I'm trying to test my model with new dataset. I have done the same preprocessing step as i have done for building my model. I have compared two files but there is no issues. I have all the attributes(train vs test dataset) in same order, same attribute names and data types. But still i'm not able to resolve the issue. Both of the files train and test seems to be similar but the weka explorer is giving me error saying Train and test set are not compatible. How to resolve this error? Is there any way to make test.arff file format as train.arff? Please somebody help me.
The same with the comment that I left after problem statement:
All the three attributes are nominal attributes followed by all the possible values quoted by '{}'. One of my guess is that the possible values are not the same. For example, for RESOURCE attribute there is no 199 in test file, while it is in training-file.
After struggling with the same problem for a day. I figured out two ways to make the trained model working on supplied test set.
Method 1.
Use knowledge flow. For example something like below:
CSVLoader(for train set) -> classAssigner -> TrainingSetMaker -->(classifier of your choice) -> ClassfierPerformanceEvaluator - TextViewer.
CSVLoader(for test set) -> classAssigner -> TestgSetMaker -->(the same classifier instance above) -> PredictionAppender -> CSVSaver.
Then load the data from the CSVLoader or arffLoder for the training set. The model will be trained.
After that load data from the loader for the test set. It will evaluate the model(classifier, for example) on the supplied test set and you can see the result from the textviewer (connected to the ClassifierPerformanceEvaluator) and get the saved result from the CSVSaver or arffSaver connected to the PredictionAppender.An additional column, the "classfied as" will be added to the output file.

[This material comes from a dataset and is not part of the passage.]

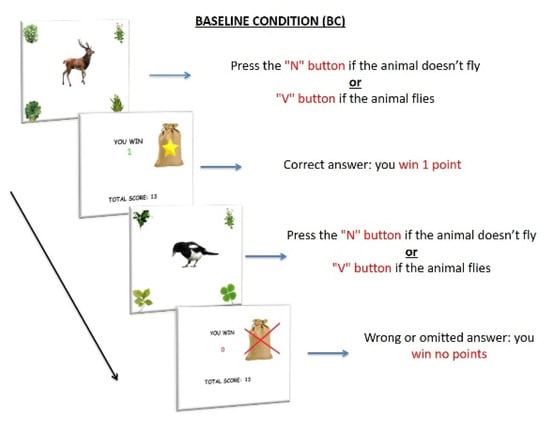 BC only included the ongoing task, for a total of 108 trials randomly presented. Participants were asked to perform a semantic decision task, pressing the “V” button, if an image of a flying animal appeared, and the “N” button if an image of a non-flying animal appeared (Figure 1). Participants received 1 reward point (RP) for every correct answer and no RP for any wrong or omitted answer.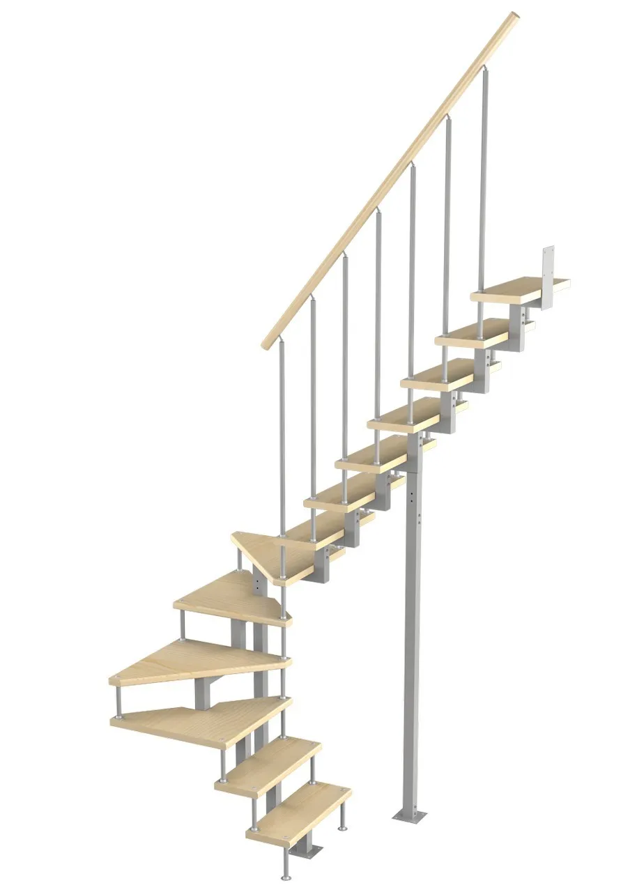 Модульная малогабаритная лестница Эксклюзив 2925-3150, Белый, Бук, Нержавеющая сталь

In my case, I used "?" for the class column in the supplied test set if the class labels are not available.
Method 2.
Combine the Training and Test set into one file. Then the exact same filter can be applied to both training and test set. Then you can separate training set and test set by applying instance filter. Since I use "?" as class label in the test set. It is not visible in the instance filter indices. Hence just select those indices that you can see in the attribute values to be removed when apply the instance filter. You will get the test data left only. Save it and load it in supply test set at the classifier page.This time it will work. I guess it is the class attribute that causes the NOT compatible train and test set issue. As many classfier requires nominal class attribute. The value of which is converted to the index to available values of the class attribute according to
http://weka.wikispaces.com/Why+do+I+get+the+error+message+%27training+and+test+set+are+not+compatible%27%3F
See following answer, your train.arff and test.arff should have same header. According to your comparison they are similar but not same.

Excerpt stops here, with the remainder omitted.